When even the film industry begins to worry about our ability to concentrate, it is time to start worrying. Identifying what he calls a “snack-culture sensibility”, David Kirkpatrick, the former president of Paramount Pictures, has announced a joint venture with the Massachusetts Institute of Technology to look at what happens to stories in our restless, digital age.
“How do we make meaningful entertainment for people who cannot focus?” Kirkpatrick asks, launching what will be called The Center for Future Storytelling. “I find I look at a movie now as opposed to feeling it and skim a book rather than read it.”
Unusually for a movie executive, this man is saying something rather important. Indeed, it may be more than the making of meaningful entertainment which is now being challenged by the crazed acceleration in the way we acquire and process information.
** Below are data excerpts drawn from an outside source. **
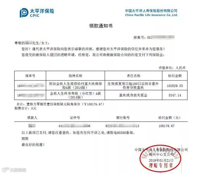 最终,2014年在机缘巧合下认识了我司业务主任李美招,经李主任推介投保了我司的10份金佑人生终身寿险(分红型)A款(2014版),附加金佑人生提前给付重大疾病保险,年缴保费6450元,重疾保额10万元。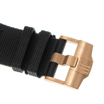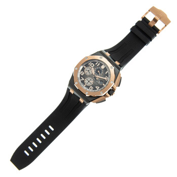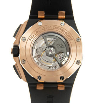 Ceramic case with a grey rubber strap. Fixed 18kt rose gold bezel. Black dial with Arabic numeral hour markers. Dial Type: Analog. Date display at the 3 o'clock position. Chronograph - three sub-dials displaying: 60 second, 30 minute and 12 hour. Audemars Piguet Calibre 3126/3840 Automatic movement, based upon Audemars Piguet 3120, containing 59 Jewels, composed of 365 parts, bitting at 21600 vph, and has a power reserve of approximately 50 hours. Scratch resistant sapphire crystal. Screw down crown. Transparent see through case back. Case size: 44 mm, case thickness: 14.4 mm. Tang clasp. Water resistant at 100 meters / 330 feet. Functions: chronograph, date, hour, minute, small second. Royal Oak Offshore Series. Casual watch style. Watch label: Swiss Made. Audemars Piguet Royal Oak Offshore Chronograph Automatic Black Dial Men's Watch 26405NR.OO.A002CA.01.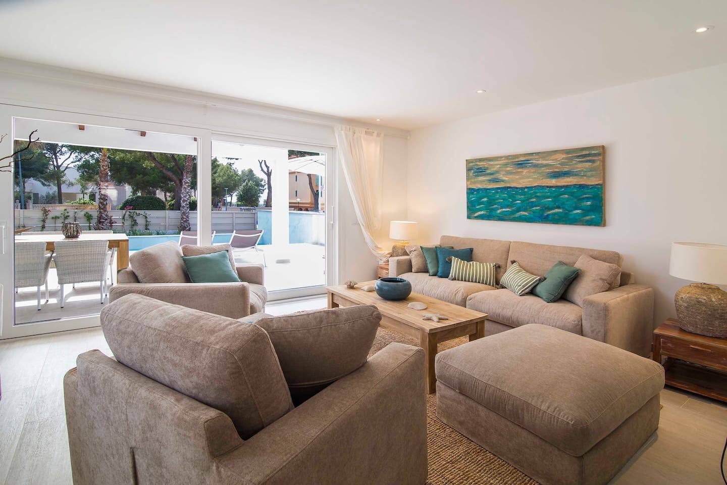 Nueva villa de vacaciones en una ubicación privilegiada: la playa y el puerto de Port Adriano a poca distancia.
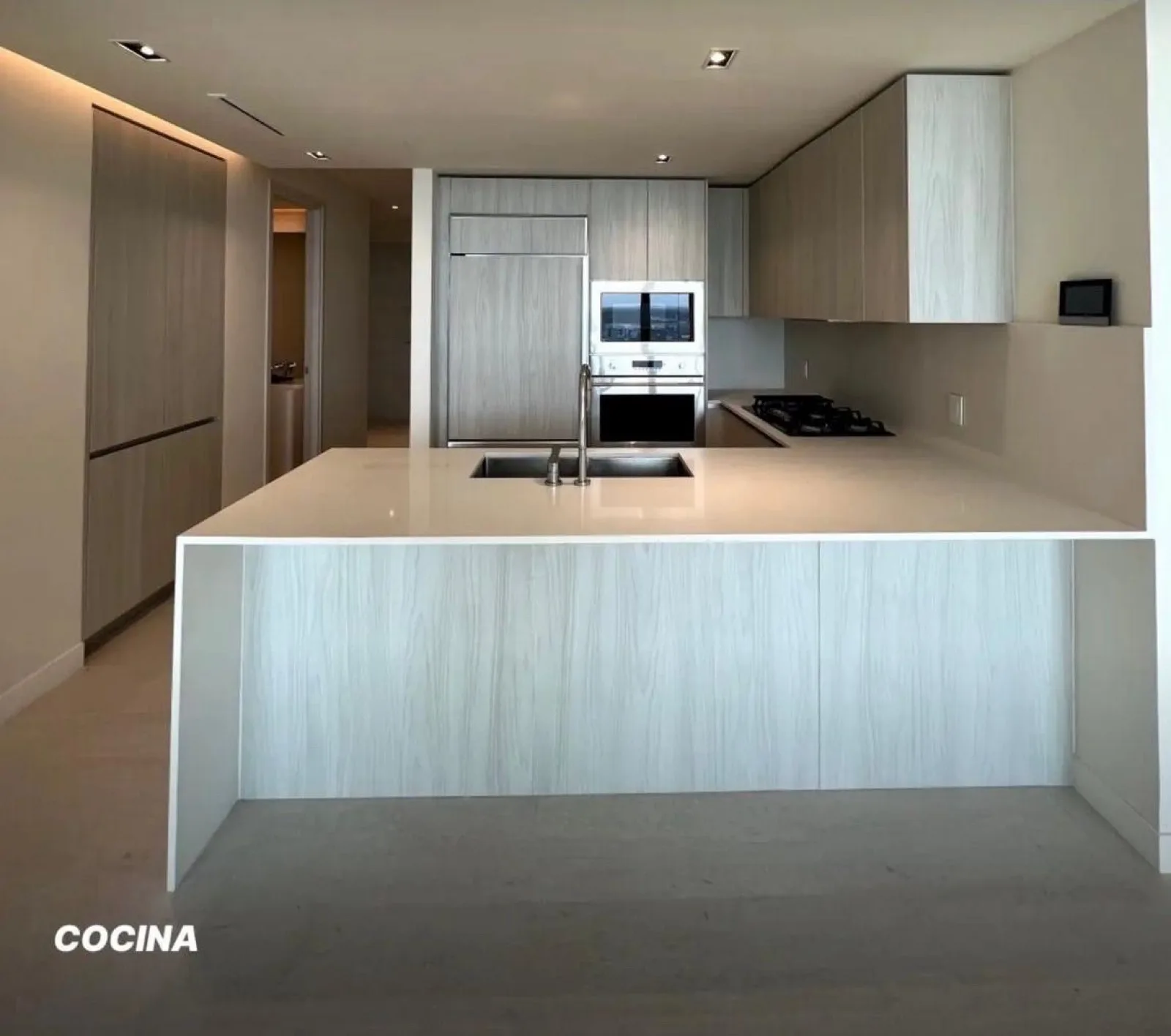 Two covered parking spaces are included. The building features a comprehensive suite of amenities including a spa, a gym, and an infinity pool. Additional facilities consist of a kids' workshop, a pool lounge, and a padel court.

As a culture, we suffer from attention deficit disorder. The business of reading – not merely catching the author’s drift and then moving on, but enjoying the prose, allowing the imagination to be caught up in the narrative – has become tougher than it once was, so habituated are our brains to skittering across the surface of things.
Even watching TV, which rarely requires much concentration, is now a fretful, channel-switching activity; to our fidgety modern natures, it somehow feels more productive to sample several programmes rather than surrender entirely to one.
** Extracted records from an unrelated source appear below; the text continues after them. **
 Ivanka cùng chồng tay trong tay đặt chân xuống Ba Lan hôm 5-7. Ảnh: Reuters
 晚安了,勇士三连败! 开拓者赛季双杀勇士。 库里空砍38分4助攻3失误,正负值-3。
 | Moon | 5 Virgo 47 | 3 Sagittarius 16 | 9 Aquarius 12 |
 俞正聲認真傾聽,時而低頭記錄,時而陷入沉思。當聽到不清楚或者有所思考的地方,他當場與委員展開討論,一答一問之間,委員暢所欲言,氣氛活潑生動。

The MIT project will be looking at ways to revolutionise storytelling so that it will become “more interactive, improvisational and social”. Researchers will explore ways in which audiences of the future will not merely read or watch stories, but will participate in them.
So it is not merely a question of the modern brain becoming more easily bored. The key words here are “participate”, “interactive” and “social”, and they are not as warm, fuzzy and harmless as they may appear.
A crazed form of democracy, born of moral relativism and new technology, is on the march. At its best, it can be refreshingly egalitarian. On YouTube, the clip of a famous singer appears beside that of someone singing the famous singer’s song in his bedroom. Blogging gives a voice to millions. The chance to tell stories online has released a muddy torrent of fiction.
But participants quickly develop a taste for power; interactivity is voracious. Now that some reality TV shows have become joint ventures between those making them and those watching them and voting, anything, as we have recently seen, can happen.
The telling of stories is different. Intrinsically anti-democratic, it requires the suspension of disbelief, a willing surrender of the imagination, from its audience. Stories can go in all sorts of odd directions, but one thing never changes. It is not a team event. The author is in charge.
It is tempting but utterly wrong-headed for film companies and publishers to play lip-service to a brave new interactive world in which everyone is a participant and the most important aspect of any project is that it is a shared social experience.
The point of a story (and even of an essay or written argument) is that it is the product one imagination, one brain. When that quirky, unpredictable process is surrendered in favour of a misguided form of people power, what is produced quickly loses what had made it worth reading, listening to, or watching – its individuality.